Description of the task —
Transcribe the lines below verbatim, skipping the images.

(Stored items)

---

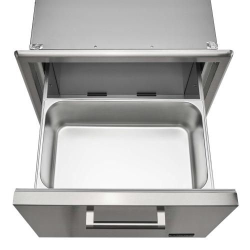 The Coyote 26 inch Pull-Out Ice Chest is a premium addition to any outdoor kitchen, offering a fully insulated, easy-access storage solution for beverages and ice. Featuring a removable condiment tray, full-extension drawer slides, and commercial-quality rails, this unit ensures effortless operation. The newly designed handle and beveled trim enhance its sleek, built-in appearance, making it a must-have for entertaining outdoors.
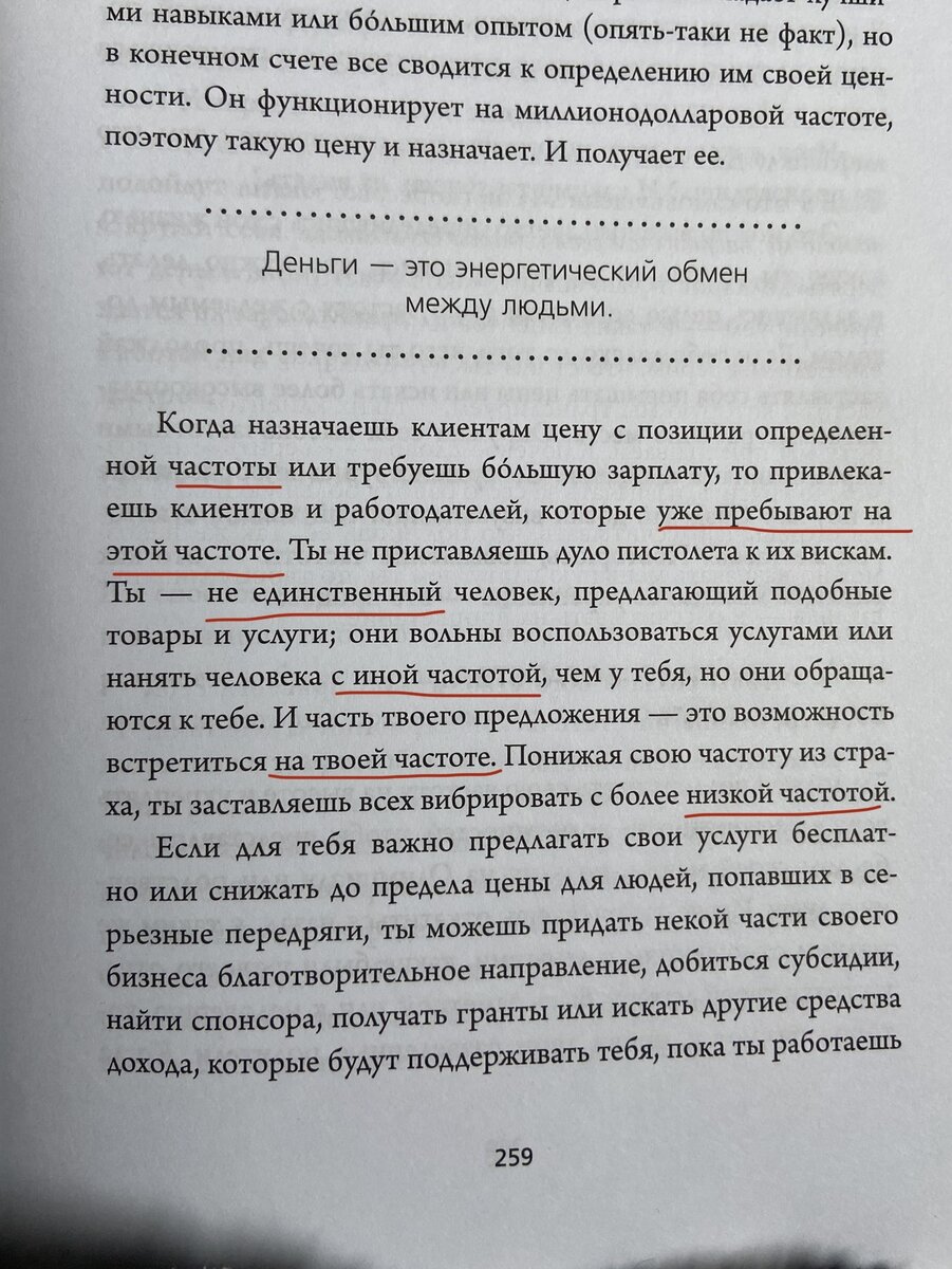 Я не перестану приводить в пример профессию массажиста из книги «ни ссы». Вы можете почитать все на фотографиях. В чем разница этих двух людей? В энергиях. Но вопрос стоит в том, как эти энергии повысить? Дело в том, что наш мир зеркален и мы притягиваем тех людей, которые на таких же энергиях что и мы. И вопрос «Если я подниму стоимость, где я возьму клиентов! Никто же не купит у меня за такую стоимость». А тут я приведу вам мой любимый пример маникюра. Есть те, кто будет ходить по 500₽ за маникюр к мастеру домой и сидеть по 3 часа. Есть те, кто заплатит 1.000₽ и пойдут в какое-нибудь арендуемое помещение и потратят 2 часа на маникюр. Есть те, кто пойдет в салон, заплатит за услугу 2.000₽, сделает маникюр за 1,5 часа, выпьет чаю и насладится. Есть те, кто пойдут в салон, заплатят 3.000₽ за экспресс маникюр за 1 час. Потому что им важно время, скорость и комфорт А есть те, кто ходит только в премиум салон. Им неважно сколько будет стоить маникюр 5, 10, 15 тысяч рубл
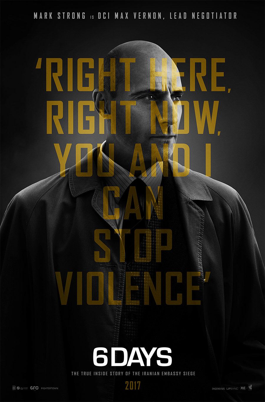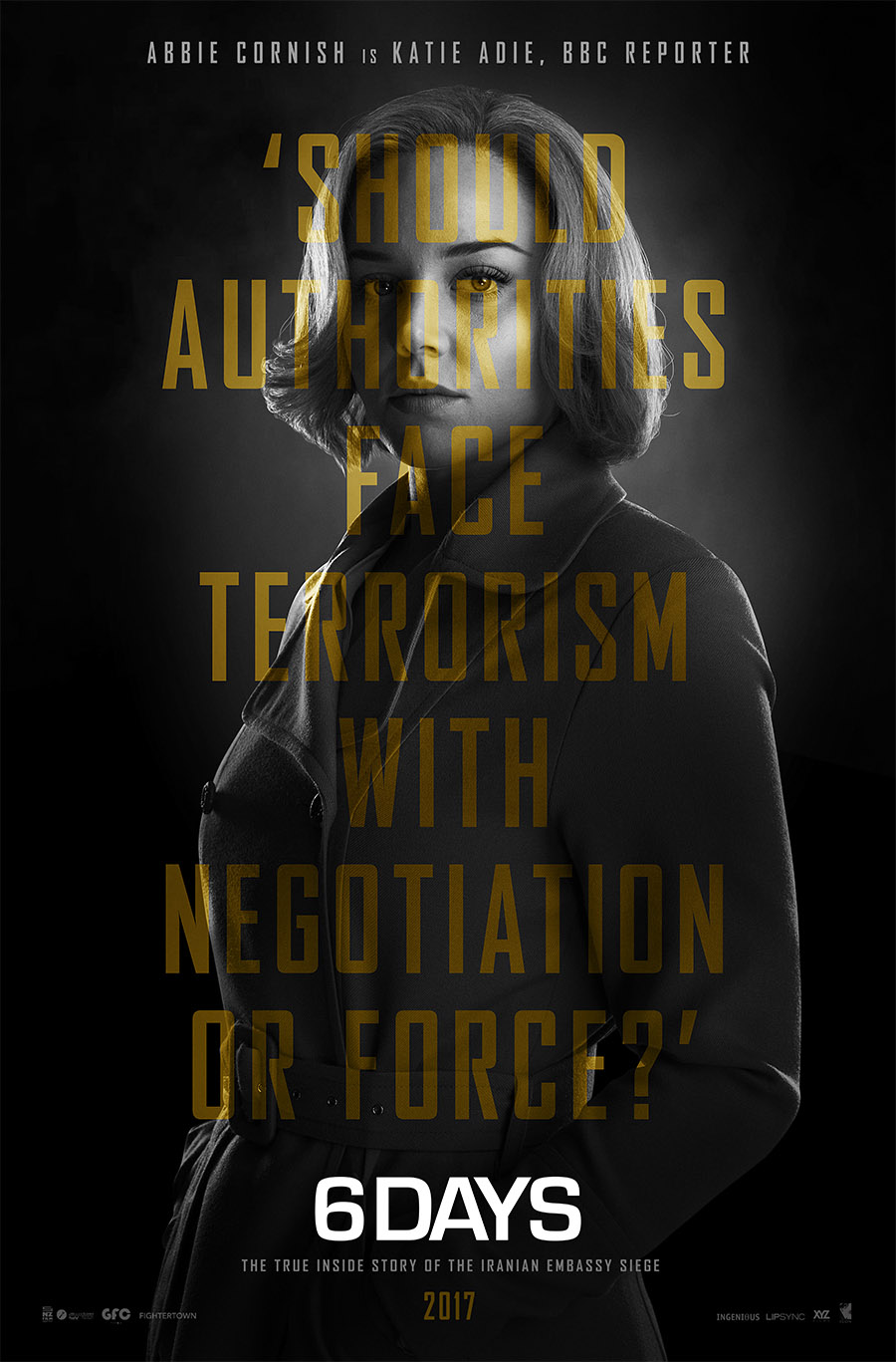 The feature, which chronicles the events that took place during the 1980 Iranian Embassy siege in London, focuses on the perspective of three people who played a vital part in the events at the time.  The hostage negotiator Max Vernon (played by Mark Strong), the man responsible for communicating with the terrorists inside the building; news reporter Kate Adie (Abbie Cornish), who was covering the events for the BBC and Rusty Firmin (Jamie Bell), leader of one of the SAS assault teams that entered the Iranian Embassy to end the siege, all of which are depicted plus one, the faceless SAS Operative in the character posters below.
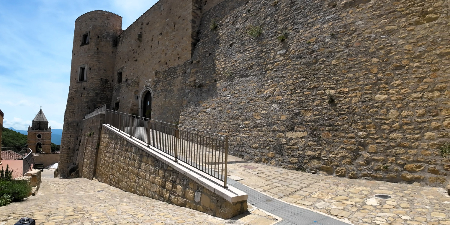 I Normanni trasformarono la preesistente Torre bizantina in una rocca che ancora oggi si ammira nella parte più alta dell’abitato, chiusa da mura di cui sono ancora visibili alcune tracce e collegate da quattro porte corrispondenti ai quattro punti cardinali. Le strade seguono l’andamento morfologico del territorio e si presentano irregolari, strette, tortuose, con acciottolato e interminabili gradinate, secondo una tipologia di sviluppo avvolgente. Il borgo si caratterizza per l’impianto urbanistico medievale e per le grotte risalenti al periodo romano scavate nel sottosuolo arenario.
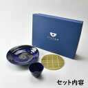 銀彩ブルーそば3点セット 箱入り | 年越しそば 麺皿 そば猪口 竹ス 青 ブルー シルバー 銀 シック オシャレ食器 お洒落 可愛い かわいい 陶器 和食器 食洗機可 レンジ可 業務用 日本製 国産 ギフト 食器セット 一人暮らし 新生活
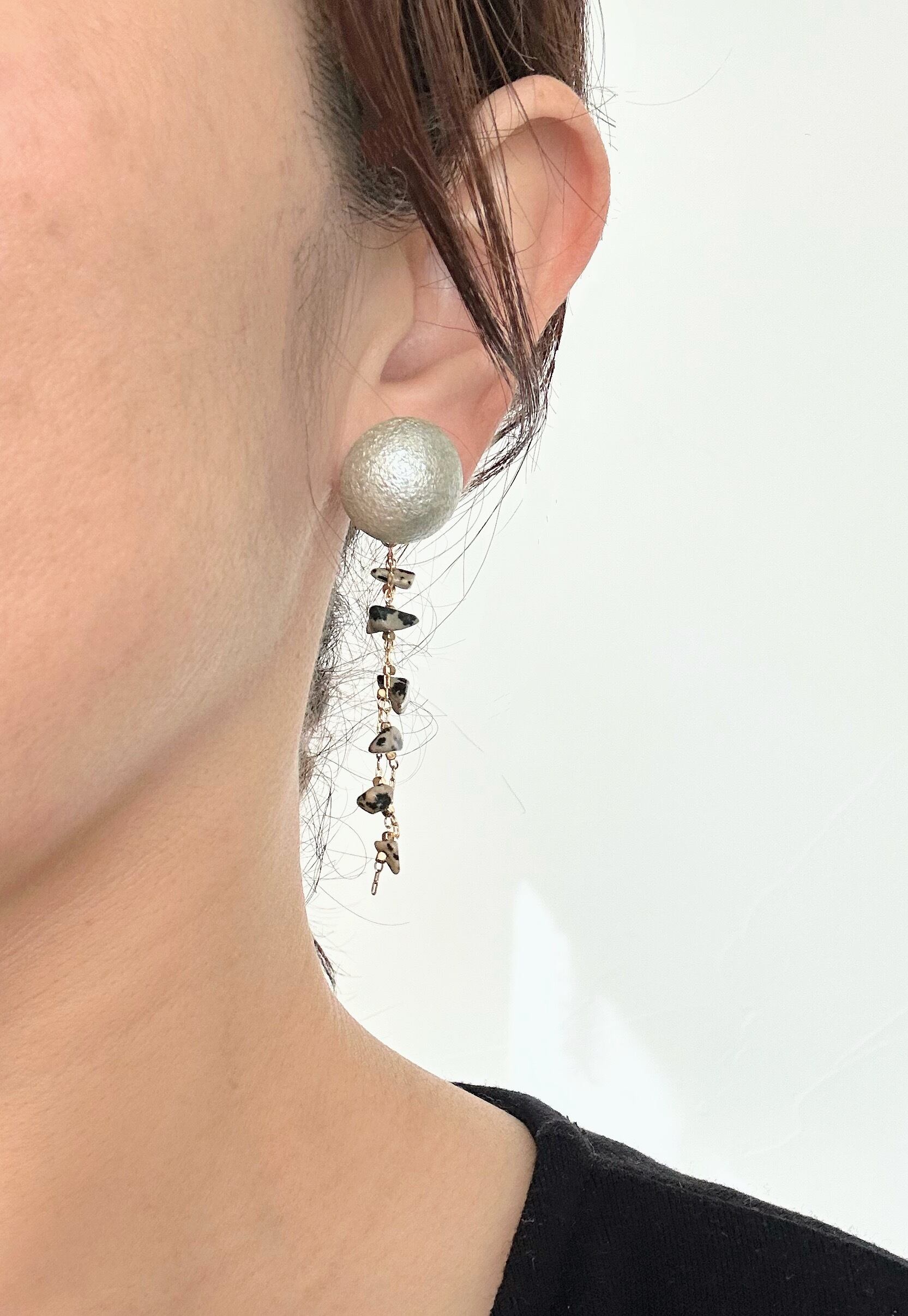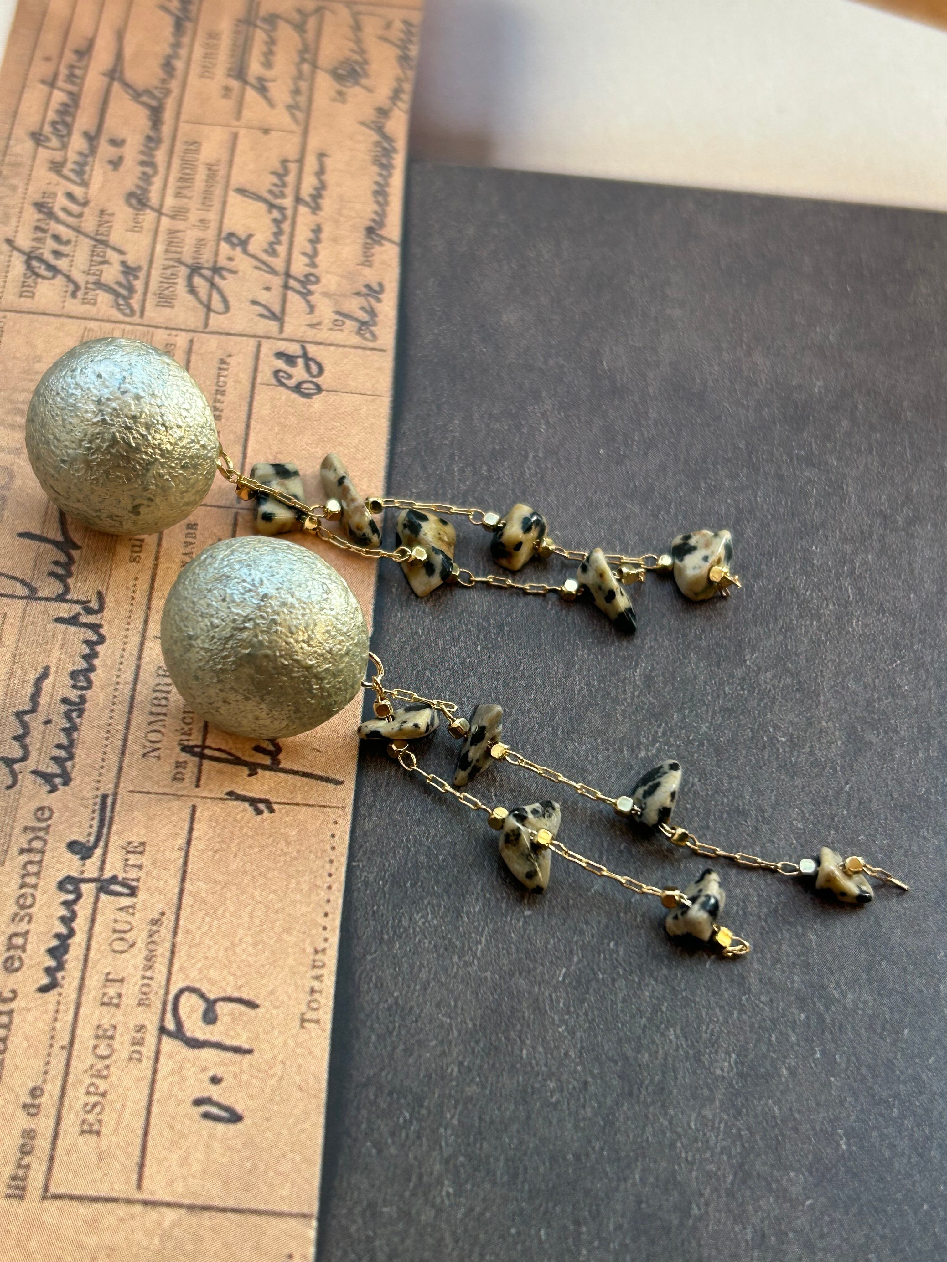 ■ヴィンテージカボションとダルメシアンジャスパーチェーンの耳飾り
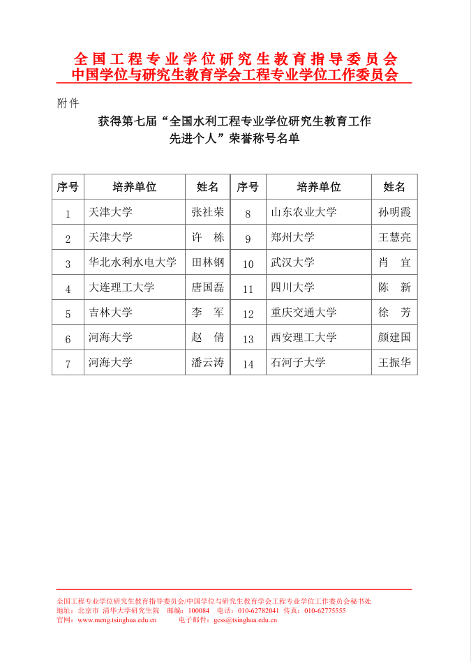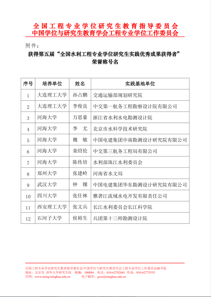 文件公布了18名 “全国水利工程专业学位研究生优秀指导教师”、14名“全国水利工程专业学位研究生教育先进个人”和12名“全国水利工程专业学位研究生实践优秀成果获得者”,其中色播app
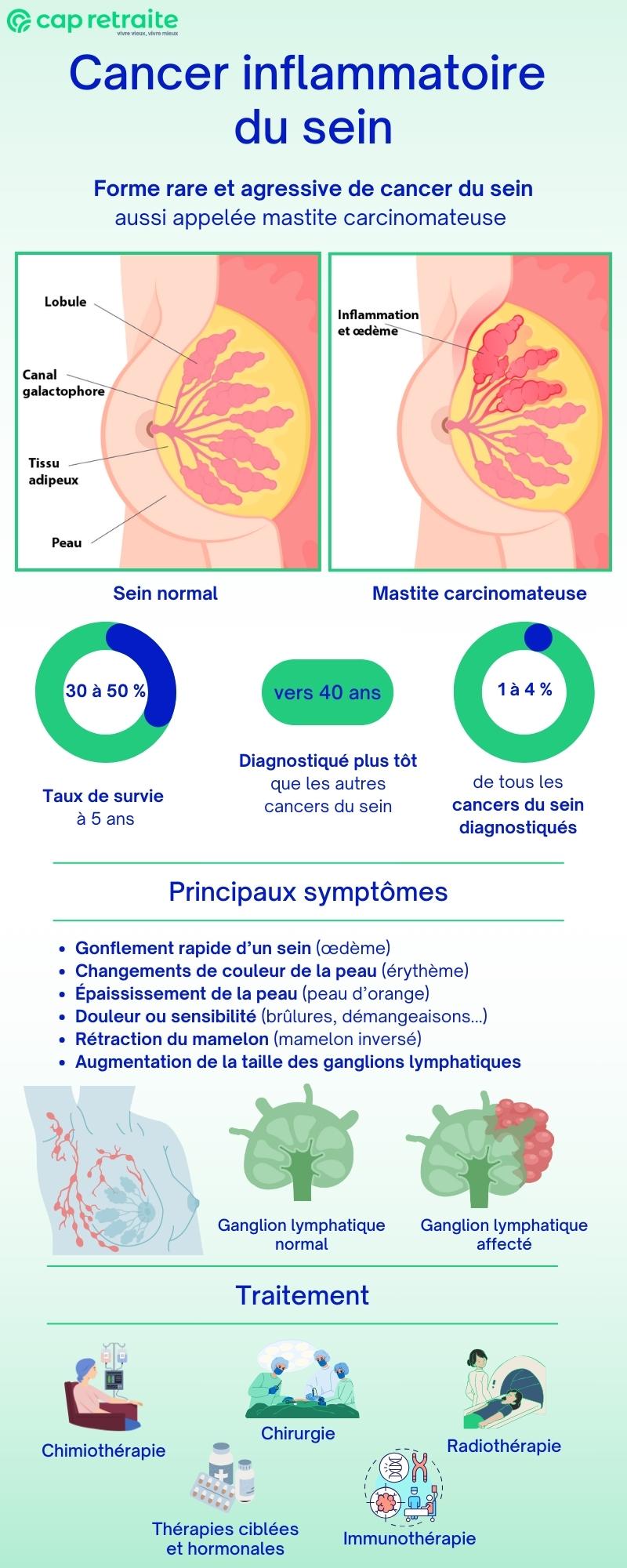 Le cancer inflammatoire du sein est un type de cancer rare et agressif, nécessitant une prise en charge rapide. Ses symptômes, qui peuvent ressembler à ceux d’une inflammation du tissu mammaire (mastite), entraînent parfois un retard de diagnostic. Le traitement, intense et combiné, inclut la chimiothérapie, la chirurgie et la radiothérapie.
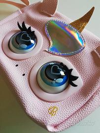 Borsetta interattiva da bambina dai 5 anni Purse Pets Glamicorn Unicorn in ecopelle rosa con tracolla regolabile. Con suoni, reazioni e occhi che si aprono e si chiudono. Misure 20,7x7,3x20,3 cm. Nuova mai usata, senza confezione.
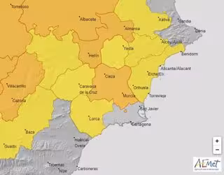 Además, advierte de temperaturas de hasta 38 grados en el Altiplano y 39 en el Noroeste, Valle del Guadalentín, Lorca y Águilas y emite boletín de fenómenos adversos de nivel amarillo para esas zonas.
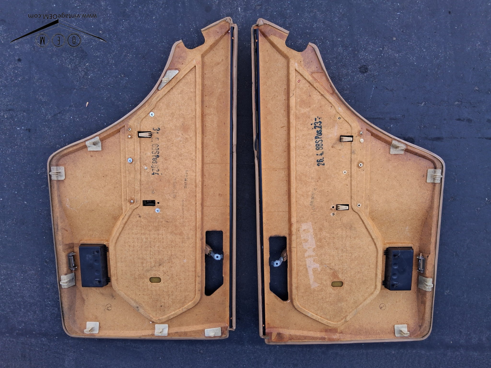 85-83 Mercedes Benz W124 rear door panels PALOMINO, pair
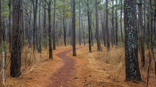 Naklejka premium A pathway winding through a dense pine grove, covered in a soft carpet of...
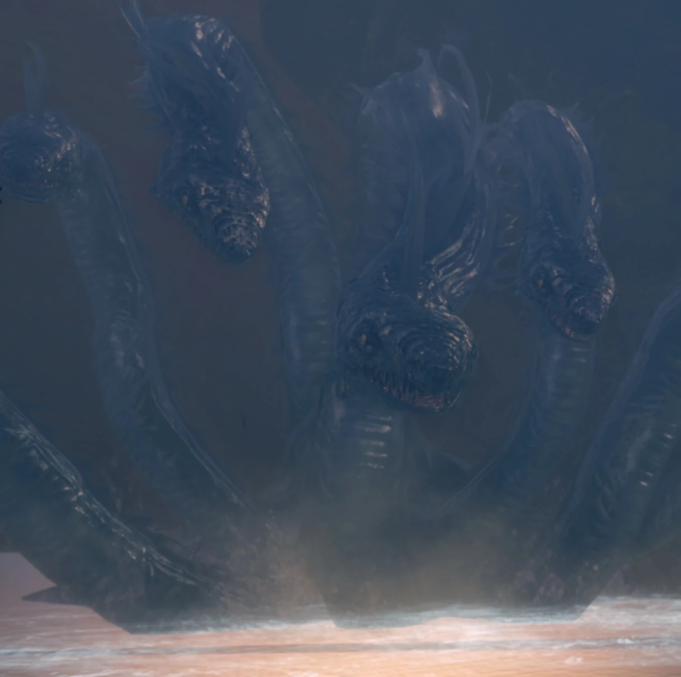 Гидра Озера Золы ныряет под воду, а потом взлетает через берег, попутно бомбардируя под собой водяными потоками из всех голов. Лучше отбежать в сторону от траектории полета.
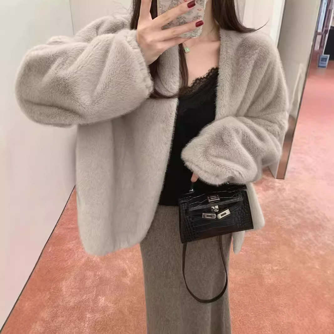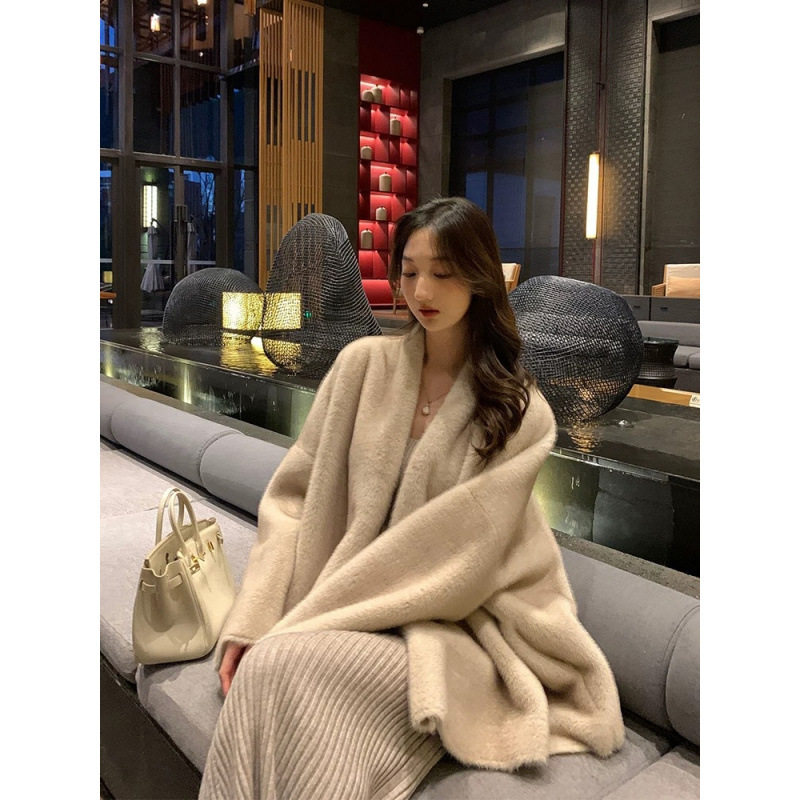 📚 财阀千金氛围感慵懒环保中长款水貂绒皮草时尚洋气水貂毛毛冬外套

---

Response to this task —
 The Coyote 26 inch Pull-Out Ice Chest is a premium addition to any outdoor kitchen, offering a fully insulated, easy-access storage solution for beverages and ice. Featuring a removable condiment tray, full-extension drawer slides, and commercial-quality rails, this unit ensures effortless operation. The newly designed handle and beveled trim enhance its sleek, built-in appearance, making it a must-have for entertaining outdoors.
 Я не перестану приводить в пример профессию массажиста из книги «ни ссы». Вы можете почитать все на фотографиях. В чем разница этих двух людей? В энергиях. Но вопрос стоит в том, как эти энергии повысить? Дело в том, что наш мир зеркален и мы притягиваем тех людей, которые на таких же энергиях что и мы. И вопрос «Если я подниму стоимость, где я возьму клиентов! Никто же не купит у меня за такую стоимость». А тут я приведу вам мой любимый пример маникюра. Есть те, кто будет ходить по 500₽ за маникюр к мастеру домой и сидеть по 3 часа. Есть те, кто заплатит 1.000₽ и пойдут в какое-нибудь арендуемое помещение и потратят 2 часа на маникюр. Есть те, кто пойдет в салон, заплатит за услугу 2.000₽, сделает маникюр за 1,5 часа, выпьет чаю и насладится. Есть те, кто пойдут в салон, заплатят 3.000₽ за экспресс маникюр за 1 час. Потому что им важно время, скорость и комфорт А есть те, кто ходит только в премиум салон. Им неважно сколько будет стоить маникюр 5, 10, 15 тысяч рубл
 The feature, which chronicles the events that took place during the 1980 Iranian Embassy siege in London, focuses on the perspective of three people who played a vital part in the events at the time.  The hostage negotiator Max Vernon (played by Mark Strong), the man responsible for communicating with the terrorists inside the building; news reporter Kate Adie (Abbie Cornish), who was covering the events for the BBC and Rusty Firmin (Jamie Bell), leader of one of the SAS assault teams that entered the Iranian Embassy to end the siege, all of which are depicted plus one, the faceless SAS Operative in the character posters below.
 I Normanni trasformarono la preesistente Torre bizantina in una rocca che ancora oggi si ammira nella parte più alta dell’abitato, chiusa da mura di cui sono ancora visibili alcune tracce e collegate da quattro porte corrispondenti ai quattro punti cardinali. Le strade seguono l’andamento morfologico del territorio e si presentano irregolari, strette, tortuose, con acciottolato e interminabili gradinate, secondo una tipologia di sviluppo avvolgente. Il borgo si caratterizza per l’impianto urbanistico medievale e per le grotte risalenti al periodo romano scavate nel sottosuolo arenario.
 銀彩ブルーそば3点セット 箱入り | 年越しそば 麺皿 そば猪口 竹ス 青 ブルー シルバー 銀 シック オシャレ食器 お洒落 可愛い かわいい 陶器 和食器 食洗機可 レンジ可 業務用 日本製 国産 ギフト 食器セット 一人暮らし 新生活
 ■ヴィンテージカボションとダルメシアンジャスパーチェーンの耳飾り
 文件公布了18名 “全国水利工程专业学位研究生优秀指导教师”、14名“全国水利工程专业学位研究生教育先进个人”和12名“全国水利工程专业学位研究生实践优秀成果获得者”,其中色播app
 Le cancer inflammatoire du sein est un type de cancer rare et agressif, nécessitant une prise en charge rapide. Ses symptômes, qui peuvent ressembler à ceux d’une inflammation du tissu mammaire (mastite), entraînent parfois un retard de diagnostic. Le traitement, intense et combiné, inclut la chimiothérapie, la chirurgie et la radiothérapie.
 Borsetta interattiva da bambina dai 5 anni Purse Pets Glamicorn Unicorn in ecopelle rosa con tracolla regolabile. Con suoni, reazioni e occhi che si aprono e si chiudono. Misure 20,7x7,3x20,3 cm. Nuova mai usata, senza confezione.
 Además, advierte de temperaturas de hasta 38 grados en el Altiplano y 39 en el Noroeste, Valle del Guadalentín, Lorca y Águilas y emite boletín de fenómenos adversos de nivel amarillo para esas zonas.
 85-83 Mercedes Benz W124 rear door panels PALOMINO, pair
 Naklejka premium A pathway winding through a dense pine grove, covered in a soft carpet of...
 Гидра Озера Золы ныряет под воду, а потом взлетает через берег, попутно бомбардируя под собой водяными потоками из всех голов. Лучше отбежать в сторону от траектории полета.
 📚 财阀千金氛围感慵懒环保中长款水貂绒皮草时尚洋气水貂毛毛冬外套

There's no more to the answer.